GAO found a wide range in the extent of new transit-oriented development that has occurred since transit operations began for GAO's six federally funded case-study transit projects. There are many examples of new transit-oriented development in San Francisco, CA; Washington, DC; and Charlotte, NC, that local officials attribute—at least in part—to transit in the area. However, in other cities GAO visited, local officials said that there has been very little development around transit stations—or that development took as long as 10 years. Stakeholders in these cities attributed transit-oriented development, or lack thereof, near the projects selected to the influence of several factors, including:

  • conditions that support transit-oriented development, such as demand for nearby real estate, land available to develop, residents' support, and a transit system that provides a direct and efficient connection to jobs;
  • challenges that hinder transit-oriented development, such as high associated costs, difficulty in obtaining financing, a difficult local-government review and approval process, an unsupportive local population, and a physical configuration around transit stations unattractive for development; and
  • local government policies that support transit-oriented development, such as supportive zoning, planning, infrastructure investments, and tax incentives.
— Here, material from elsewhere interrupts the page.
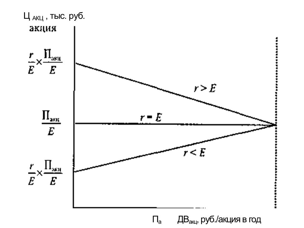 В нормальной для предприятия ситуации, когда рентабельность инвестиций превышает коэффициент дисконтирования (r > Е), большинство инвесторов готовы заплатить высокую цену за акцию, предпочитая большие будущие доходы меньшим текущим.
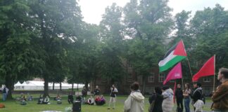 Almanya’nın üniversite şehri olarak bilinen Münster kentinde bulunan üniversite alanında Filistin ile dayanışma eylemi düzenlendi.

The Federal Transit Administration (FTA) assesses projects for potential New Starts funding by evaluating several of the factors and local government policies GAO identified as supporting transit-oriented development on a five-point scale ranging from low to high. FTA evaluates access to jobs, available land, and transit-supportive plans and polices—among other things—in assessing each project for economic development and land use, which are two evaluation criteria FTA uses to determine whether a project will be funded. Among four case study projects GAO visited that were assessed by FTA for New Starts, two scored medium-high or better, while two scored medium-low or lower. GAO found that many of the factors or local government policies that supported or hindered transit-oriented development are generally consistent with FTA's summary assessment for economic development and land use. Further, GAO found two projects where transit-oriented development resulted in increased ridership, while projects with less transit-oriented development have fewer riders than expected.

Transit-Oriented Development, Columbia Heights Station, Washington, DC

Transit-Oriented Development, Columbia Heights Station, Washington, DC

Why GAO Did This Study

From 2004 to 2014, FTA allocated $18.9 billion to build new or expanded transit systems through the Capital Investment Grant program. One of the key goals for many local governments when planning major capital-transit projects is to encourage transit-oriented development as a way to focus future regional population growth along transit corridors. Transit-oriented development is generally described as a compact and “walkable” neighborhood near transit with a mix of residential and commercial uses.

GAO was asked to examine transit-oriented development. This report addresses (1) the extent to which transit-oriented development has occurred near select transit lines that received federal funds and the factors and local policies that affect transit-oriented development, and (2) the extent to which FTA considers factors related to the potential for transit-oriented development when assessing proposed projects and the extent to which FTA's assessment of these factors is consistent with the factors that local stakeholders told GAO affect a project's results. To address these issues, GAO reviewed relevant literature and visited six federally funded case study transit projects in Baltimore, MD; Washington, DC; Charlotte, NC; Santa Clara County, CA; San Francisco, CA; and Houston, TX, selected for diversity in local programs, markets, and geography. During these visits, GAO met with stakeholders, such as local officials and developers. GAO also interviewed FTA officials. In commenting on a draft of this report, DOT noted FTA's long-standing commitment to encourage transit-oriented development.